▶ Source records
----
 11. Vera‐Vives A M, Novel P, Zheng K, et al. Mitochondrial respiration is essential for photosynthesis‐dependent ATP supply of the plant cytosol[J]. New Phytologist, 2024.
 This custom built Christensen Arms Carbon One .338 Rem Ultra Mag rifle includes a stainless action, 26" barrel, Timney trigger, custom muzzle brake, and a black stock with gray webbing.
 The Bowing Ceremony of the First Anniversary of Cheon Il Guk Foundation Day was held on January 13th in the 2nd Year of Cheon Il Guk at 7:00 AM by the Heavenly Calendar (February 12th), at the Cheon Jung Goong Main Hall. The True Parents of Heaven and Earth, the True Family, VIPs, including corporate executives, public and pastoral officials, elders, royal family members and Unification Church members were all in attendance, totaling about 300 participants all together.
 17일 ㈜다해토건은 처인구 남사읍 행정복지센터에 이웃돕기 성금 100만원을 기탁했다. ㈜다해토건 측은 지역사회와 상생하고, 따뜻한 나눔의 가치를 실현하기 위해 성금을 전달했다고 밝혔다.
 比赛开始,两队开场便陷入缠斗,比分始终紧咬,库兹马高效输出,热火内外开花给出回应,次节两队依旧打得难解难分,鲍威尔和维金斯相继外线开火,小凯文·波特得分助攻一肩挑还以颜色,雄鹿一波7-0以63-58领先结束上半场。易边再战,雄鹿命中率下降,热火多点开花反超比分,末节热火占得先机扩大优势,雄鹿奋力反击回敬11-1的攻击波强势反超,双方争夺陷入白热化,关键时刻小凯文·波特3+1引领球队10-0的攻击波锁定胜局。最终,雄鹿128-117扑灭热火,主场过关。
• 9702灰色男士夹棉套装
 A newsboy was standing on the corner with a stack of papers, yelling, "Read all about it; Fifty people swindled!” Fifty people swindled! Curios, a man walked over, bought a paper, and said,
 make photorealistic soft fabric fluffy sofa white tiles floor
----
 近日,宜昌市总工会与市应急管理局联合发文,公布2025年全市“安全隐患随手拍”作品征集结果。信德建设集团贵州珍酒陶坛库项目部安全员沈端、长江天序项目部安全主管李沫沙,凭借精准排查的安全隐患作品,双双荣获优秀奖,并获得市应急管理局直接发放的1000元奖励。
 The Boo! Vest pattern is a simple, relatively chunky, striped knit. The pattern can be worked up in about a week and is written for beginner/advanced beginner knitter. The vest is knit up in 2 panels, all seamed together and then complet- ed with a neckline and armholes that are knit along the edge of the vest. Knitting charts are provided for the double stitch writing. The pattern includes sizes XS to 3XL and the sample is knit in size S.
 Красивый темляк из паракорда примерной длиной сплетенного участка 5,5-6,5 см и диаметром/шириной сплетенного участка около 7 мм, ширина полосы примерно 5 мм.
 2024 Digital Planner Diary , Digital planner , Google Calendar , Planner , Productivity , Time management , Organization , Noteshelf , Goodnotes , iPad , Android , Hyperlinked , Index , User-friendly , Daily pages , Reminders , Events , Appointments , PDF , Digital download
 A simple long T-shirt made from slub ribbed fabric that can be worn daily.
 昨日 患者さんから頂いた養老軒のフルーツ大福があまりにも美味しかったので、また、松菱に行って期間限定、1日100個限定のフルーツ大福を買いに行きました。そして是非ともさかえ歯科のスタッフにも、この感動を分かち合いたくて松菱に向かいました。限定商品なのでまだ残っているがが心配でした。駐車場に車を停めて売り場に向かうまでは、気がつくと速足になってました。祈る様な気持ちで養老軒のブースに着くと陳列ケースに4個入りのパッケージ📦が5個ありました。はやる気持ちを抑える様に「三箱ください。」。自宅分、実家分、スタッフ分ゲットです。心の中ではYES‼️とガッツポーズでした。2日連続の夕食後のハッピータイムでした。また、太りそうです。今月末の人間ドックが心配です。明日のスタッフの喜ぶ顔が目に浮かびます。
----
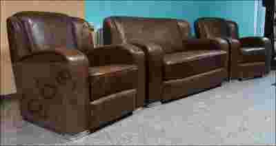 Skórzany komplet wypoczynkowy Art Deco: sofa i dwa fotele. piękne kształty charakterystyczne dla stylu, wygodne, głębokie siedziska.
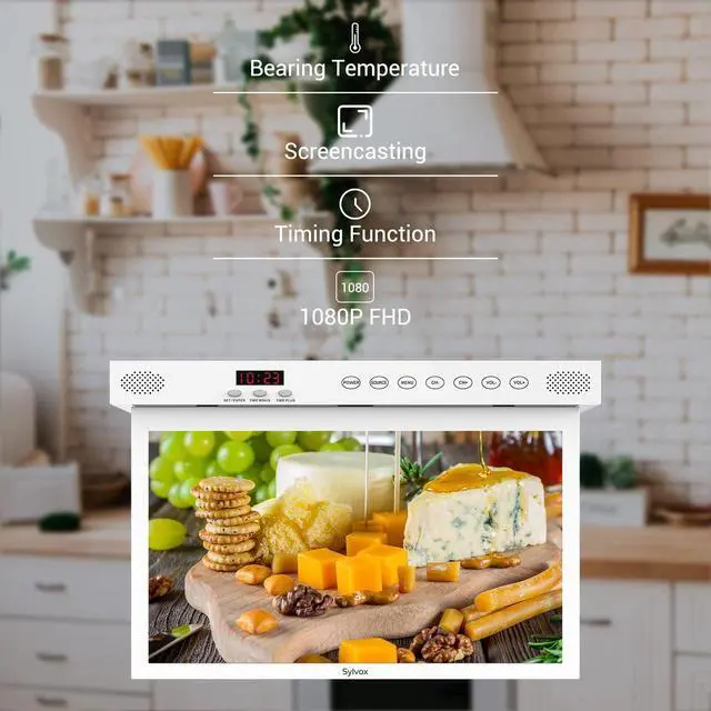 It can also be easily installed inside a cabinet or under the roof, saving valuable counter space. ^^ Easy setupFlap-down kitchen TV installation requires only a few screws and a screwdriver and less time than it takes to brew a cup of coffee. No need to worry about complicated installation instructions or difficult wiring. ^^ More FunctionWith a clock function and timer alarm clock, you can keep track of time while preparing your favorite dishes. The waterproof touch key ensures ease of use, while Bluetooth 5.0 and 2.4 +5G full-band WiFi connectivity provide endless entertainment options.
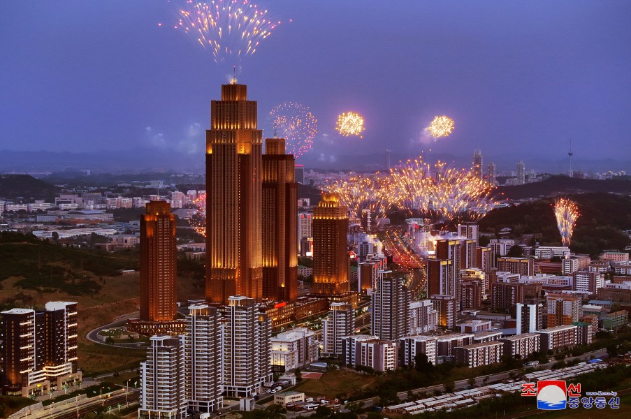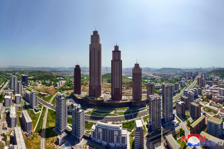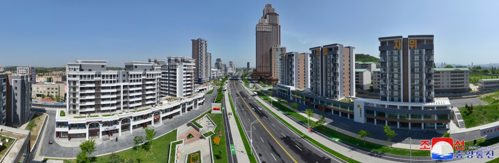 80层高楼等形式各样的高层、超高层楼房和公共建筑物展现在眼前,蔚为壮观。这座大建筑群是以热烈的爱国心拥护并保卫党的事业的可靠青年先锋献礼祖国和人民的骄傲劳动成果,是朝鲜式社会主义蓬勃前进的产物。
----
▶ Exercise prompt
Could you reproduce, exactly, every line above from the line with "近日,宜昌市总工会与市应急管" to the line with "昨日 患者さんから頂いた養老", and no other line? Both ends count.

▶ Solution to this problem
 近日,宜昌市总工会与市应急管理局联合发文,公布2025年全市“安全隐患随手拍”作品征集结果。信德建设集团贵州珍酒陶坛库项目部安全员沈端、长江天序项目部安全主管李沫沙,凭借精准排查的安全隐患作品,双双荣获优秀奖,并获得市应急管理局直接发放的1000元奖励。
 The Boo! Vest pattern is a simple, relatively chunky, striped knit. The pattern can be worked up in about a week and is written for beginner/advanced beginner knitter. The vest is knit up in 2 panels, all seamed together and then complet- ed with a neckline and armholes that are knit along the edge of the vest. Knitting charts are provided for the double stitch writing. The pattern includes sizes XS to 3XL and the sample is knit in size S.
 Красивый темляк из паракорда примерной длиной сплетенного участка 5,5-6,5 см и диаметром/шириной сплетенного участка около 7 мм, ширина полосы примерно 5 мм.
 2024 Digital Planner Diary , Digital planner , Google Calendar , Planner , Productivity , Time management , Organization , Noteshelf , Goodnotes , iPad , Android , Hyperlinked , Index , User-friendly , Daily pages , Reminders , Events , Appointments , PDF , Digital download
 A simple long T-shirt made from slub ribbed fabric that can be worn daily.
 昨日 患者さんから頂いた養老軒のフルーツ大福があまりにも美味しかったので、また、松菱に行って期間限定、1日100個限定のフルーツ大福を買いに行きました。そして是非ともさかえ歯科のスタッフにも、この感動を分かち合いたくて松菱に向かいました。限定商品なのでまだ残っているがが心配でした。駐車場に車を停めて売り場に向かうまでは、気がつくと速足になってました。祈る様な気持ちで養老軒のブースに着くと陳列ケースに4個入りのパッケージ📦が5個ありました。はやる気持ちを抑える様に「三箱ください。」。自宅分、実家分、スタッフ分ゲットです。心の中ではYES‼️とガッツポーズでした。2日連続の夕食後のハッピータイムでした。また、太りそうです。今月末の人間ドックが心配です。明日のスタッフの喜ぶ顔が目に浮かびます。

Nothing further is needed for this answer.